Dirigentes dos vários partidos do Agora o Povo.

Ler plataforma política da Aliança de Esquerda Europeia Pelo Povo e Pelo Planeta


1 - O Bloco de Esquerda foi fundador do Partido da Esquerda Europeia(European Left). O congresso fundador decorreu em Roma, a 8 e 9 de maio de 2004. Uns meses antes, Miguel Portas, eurodeputado do Bloco, juntou a sua assinatura para legalizar esse partido europeu junto da autoridade própria do Parlamento Europeu. Sem esse ato não teria sido possível legalizar o partido, já que o Bloco foi o sétimo partido a integrar este processo, mesmo no limite da exigência legal. No congresso zero, um ano antes, que preparou a formalização da organização, o Partido Comunista Espanhol e o Partido Comunista Francês tinham vetado a entrada do Bloco como membro efetivo e aceitaram apenas que lhe fosse atribuído o estatuto de observador. Quando chegou a necessidade da legalização, deixaram cair o veto por conveniência óbvia. Refiro este episódio original apenas porque ele pautaria as relações ambíguas, ora neutras, ora adversárias, que sempre marcaram o ambiente entre o Bloco e estes partidos. A importância do Partido da Esquerda Europeia (EL) está muito para além disso. Essa articulação política foi muito insuflada pelo movimento alterglobalista (Forum Social Mundial e Forum Social Europeu) e pela convergência política entre os partidos da Nova Esquerda e alguns Partidos Comunistas, designadamente o Syriza radical (ainda na versão Synaspismos), o Die Linke (ainda na versão PDS), a Aliança Verde Vermelha da Dinamarca e a Rifondazione Comunista italiana, de Fausto Bertinotti, que foi o primeiro presidente da EL.

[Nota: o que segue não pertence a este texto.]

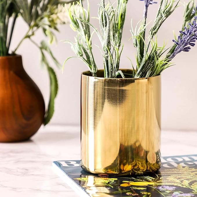 - Versatile Storage Companion: Seamlessly transition this gold utensil holder into a chic gold makeup brush holder or a stylish gold toothbrush holder. Its elegant design complements both home and office decor

O Bloco acompanhou e contribuiu para essa junção antes e depois da crise global do capitalismo de 2008. Popularizando e dando corpo à contestação contra as políticas neoliberais inspiradas nos tratados de Maastricht e outros, e ao repúdio face à ocupação imperialista do Iraque. Depois da crise de 2008, a urgência impôs uma alternativa contra o austeritarismo e as troikas. Foi um período de assinalável crescimento de partidos e da própria referência europeia, a mais importante no próprio grupo parlamentar, então chamado Grupo Unitário da Esquerda/ Esquerda Verde Nórdica.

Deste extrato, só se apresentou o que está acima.